I am sorry to hear this has been hard already. My older daughter had very similar nights (and mornings) when she was a bit younger. I’m going to write about the global things first, then more practical.

Between now and the time school starts, think lots of downtime and empathy. Downtime is unscheduled, low key playtime. It is fine to have friends over and to go out, but I wouldn’t run everyone ragged in the last few days. When children are tired, their worries seem overwhelming. Downtime also lends itself to more open conversation. I would talk about school with her when she brings it up or when she seems particularly anxious – just like you did the other night – stopping everything and talking about her first day.

The empathy component is to remember that her worries are hers and they are real, and the reasoning, reassuring and logic do little to actually help. Empathy (labeling emotions, talking her through and suggesting ways to cope) allows her to own those feeling and validate them so you and she are on the same page. Empathy helps children to calm because they feel understood. So, first approach with empathy before the fix.

Prepare her as best you can, which you are already doing. Talk her through the daily schedule, and answer questions whenever needed. You might go play on the school playground or have playdates with other kids going to the same school. When you meet the teacher, you might ask if you can take a picture of her and the teacher together, and then get it printed that day, so she can have it to hold onto until school starts. You might also use the picture to make a craft project – a poster for her room or a card to give the teacher on the first day, etc. or do both with copies.

Before you meet the teacher next week, you might sit with Amy to find out if she has anything she wants the teacher to know or wants you to ask the teacher. If it were me, I’d tell her tomorrow to think about those things and then talk about it over the few days before meeting the teacher. This gives Amy a sense of control of the meeting. She has her questions answered.

Talk to her about the bus idea and how fun you remember the bus to be and games/songs you remember while riding with your friends. If another good friend rides the bus with her, maybe you all could meet 10 minutes before and board together. Maybe you could assure her that you will step on to be sure she sits with someone she knows. It is best if she can face it and get on the bus the first day but don’t be defeated if not. It may be that she takes and few days to feel confident about school and then can better face the bus. If the bus doesn’t happen the first day, I would plan a goal date that it will, such as the second day or Monday of the second week. Something realistic so it doesn’t turn into a year.
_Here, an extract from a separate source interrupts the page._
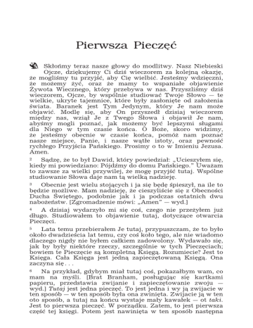 PIERWSZA PIECZ£Ø 115 Pierwsza Piecz¸ ` Sko§my teraz nasze gowy do modlitwy. Nasz Niebieski Ojcze, dzikujemy Ci dzi wieczorem za kolejn okazj, e moglimy tu przyjø, aby Ci wielbiø. Jestemy wdziczni, e moemy yø, oraz e mamy to wspaniae objawienie ywota Wiecznego, który przebywa w nas. Przyszlimy dzi wieczorem, Ojcze, by wspólnie studiowaø Twoje Sowo _ te wielkie, ukryte tajemnice, które byy zasonite od zaoenia wiata. Baranek jest Tym Jedynym, który Je nam moe objawiø. Modl si, aby On przyszed dzisiaj wieczorem midzy nas, wzi Je z Twego Sowa i objawi Je nam, abymy mogli poznaø, jak moemy byø lepszymi sugami dla Niego w tym czasie ko§ca. O Boe, skoro widzimy, e jestemy obecnie w czasie ko§ca, pomó nam poznaø nasze miejsce, Panie, i nasze wte istoty, oraz pewnoø rychego Przyjcia Pa§skiego. Prosimy o to w Imieniu Jezusa. Amen. Sdz, e to by Dawid, który powiedzia: Ucieszyem si, kiedy mi powiedziano: Pójdmy do domu Pa§skiego. Uwaam to zawsze za wielki przywilej, e mog przyjø tutaj. Wspólne studiowanie Sowa daje nam t wielk nadziej. Obecnie jest wielu stojcych i ja si bd pieszy, na ile to bdzie moliwe. Mam nadziej, e cieszylicie si z Obecnoci Ducha witego, podobnie jak i ja podczas ostatnich dwu naboe§stw. [Zgromadzenie mówi: Amen _ wyd.] A dzisiaj wydarzyo mi si co, czego nie przeyem ju dugo. Studiowaem to objawienie tutaj, dotyczce otwarcia Pieczci. Lata temu przebieraem Je tutaj, przypuszczam, e to byo okoo dwadziecia lat temu, czy co koo tego, ale nie wiadomo dlaczego nigdy nie byem cakiem zadowolony. Wydawao si, jak by byy niektóre rzeczy, szczególnie w tych Pieczciach; bowiem te Pieczcie s kompletn Ksig. Rozumiecie? Jest to Ksiga. Caa Ksiga jest jedn zapiecztowan Ksig. Ona zaczyna si^ Na przykad, gdybym mia tutaj co, pokazabym wam, co mam na myli. [Brat Branham, posugujc si kartkami papieru, przedstawia zwijanie i zapiecztowanie zwoju _ wyd.] Tutaj jest jedna pieczø. To jest jedna i wy j zwijacie w ten sposób _ w ten sposób bya ona zwinita. Zwijacie j w ten oto sposób, a tutaj na ko§cu wystaje may kawaek _ ot taki. Jest to pierwsza pieczø. W porzdku. Zatem, to jest pierwsza czø tej ksigi. Potem jest nawinita w ten sposób nastpna 116 OBJAWIENIE SIEDMIU PIECZ£CI pieczø, tu obok niej _ ona jest nawinita tak jak ta tutaj. A potem na ko§cu, wanie tutaj, wystaje nastpny kawaek, i to oznacza dwie pieczcie. W ten sposób zostaa napisana caa Biblia _ w zwojach. [Brat Branham rozwija kartki papieru, którymi posugiwa si podczas ilustracji _ wyd.] A zatem rozamanie tych Pieczci otwiera tajemnice tej Ksigi. Czy studiowalicie u Jeremiasza, jak on to zapisa? Wielu z was zanotowao to sobie ubiegego wieczora. W jaki sposób te pieczcie zostay napisane i umieszczone w ukryciu w celu przechowania, a on powróci po siedemdziesiciu latach z niewoli. On powróci i domaga si swojej posiadoci. Ja to naprawd lubi studiowaø. Nie moecie^ Jest rzecz niemoliw wyraziø To wszystko, bowiem to jest Wieczne Sowo. Jest to Wieczna Ksiga. Dlatego musimy po prostu poruszyø troch te najwaniejsze miejsca. Kiedy dzisiaj studiowaem, zanotowaem sobie wiele miejsc Pisma, abycie To mogli studiowaø. Tak samo kiedy bdziecie studiowaø tamy, zostanie wam wiele z Tego objawione. Jest tam zawarte tak wiele spraw! O gdybym tylko móg stanø tutaj na podium i odsoniø wam To w ten sposób, jak mi to zostao objawione tam w pokoju, moi drodzy, to by byo cudowne. Lecz kiedy czowiek przyjdzie tutaj, jest pod takim naciskiem i po prostu przeskakuje jako te sprawy, próbuje przynieø ludziom tylko t gówn czø, aby To mogli zrozumieø. Ja naturalnie doceniam t pie§, któr wanie zapiewa brat Ungren: W dó z Swojej Chway. Gdyby On nie zstpi z Swojej Chway, gdzie bymy wszyscy byli dzisiaj wieczorem? Jestemy zatem wdziczni, e On zstpi, aby nam pomóc. Zatem, kiedy tak wielu stoi, bdziemy si po prostu pieszyø, aby to przebraø _ jak najlepiej potrafimy. Ja nie mówi, e to bdziemy przebieraø w popiechu, ale mam na myli, e rozpoczniemy tak szybko, jak tylko bdzie moliwe. A zatem, otwórzmy teraz, potem co^ Przebieralimy ju 1. rozdzia, 2. 3. 4. a ubiegego wieczora 5. A dzisiaj wieczorem rozpoczynamy 6. rozdzia Objawienia. Kiedy teraz studiujemy ten rozdzia, powoujemy si na róne miejsca zarówno w Starym jak i w Nowym Testamencie, bowiem caa ta Ksiga jest objawieniem Jezusa Chrystusa. Rozumiecie? Wszystko to razem wzite jest objawieniem Pana Jezusa _ objawieniem Jezusa Chrystusa. Jest to Bóg, który objawia Samego Siebie w tej Ksidze _ objawiajcy si w Chrystusie w tej Ksidze. A Chrystus jest objawieniem Boga. On przyszed, aby objawiø Boga, bowiem On i Bóg to jedno i to samo. Bóg by w Chrystusie, jednajc wiat z Samym Sob. PIERWSZA PIECZ£Ø 117 Innymi sowy, wy bycie nigdy nie wiedzieli dokadnie, czym by Bóg, gdyby On nie objawi si w Chrystusie; teraz moecie to zrozumieø. Przed laty mylaem zazwyczaj, e Bóg byø moe gniewa si na mnie, ale Chrystus mnie umiowa. Stwierdziem jednak, e On jest t sam Osob. Chrystus jest samym sercem Boga. A zatem, kiedy to studiujemy, porównujemy to obecnie. Te pierwsze trzy rozdziay z Biblii _ z Ksigi Objawienia, które przetrzsalimy stosunkowo dokadnie, s wiekami kocioa _ siedmioma wiekami kocioa. Otó, jest Siedem Wieków Kocioa, Siedem Pieczci, Siedem Trb, oraz Czasze i te nieczyste duchy, podobne do ab, a wszystko to idzie razem w parze. Moi drodzy, jak bardzo chciabym mieø wielki kawa papieru i nakreliø to wszystko w ten sposób, jak ja to widz, wiecie, po prostu jak kada z tych spraw zajmuje swoje miejsce. Naszkicowaem to na maym kawaku papieru, lecz^ Wy wiecie. A wszystko, jak dotd, zgadza si dokadnie. Dotyczy to równie czasu i wieków, jak one nastay i przeminy, a wszystko zlewa si dokadnie w jedno. Otó, moe to nie jest cakiem poprawne, lecz to jest mimo wszystko to najlepsze, co ja wiem na ten temat. Wiem, e jeli czyni to najlepsze, na co mnie staø, a popeni bd, próbujc czyniø to najlepsze z mojej strony i to najlepsze co wiem na ten temat, to Bóg z pewnoci

Getting on with a friend might be the thing – especially if you make a date out of it.

Remember too that your attitude goes a long way, and she is reading you more than you know. If you are apprehensive and worried, the morning won’t go well; she gets that, at least to some extent. So, put on your brave face and smile through her upset. You want to send the message that the bus and school are safe and fun places, it is where she should be, and that you have no doubt she will enjoy herself and want to ride the bus everyday. If you can start to anticipate that it will all go WELL, it will go all the better.

You might check out Helping Your Anxious Child: A Step by Step Guide for Parents by Wignall, Spence, Cobham and Rapee.

Sincerely,
Rene Hackney, PhD.
Parenting Playgroups, Inc.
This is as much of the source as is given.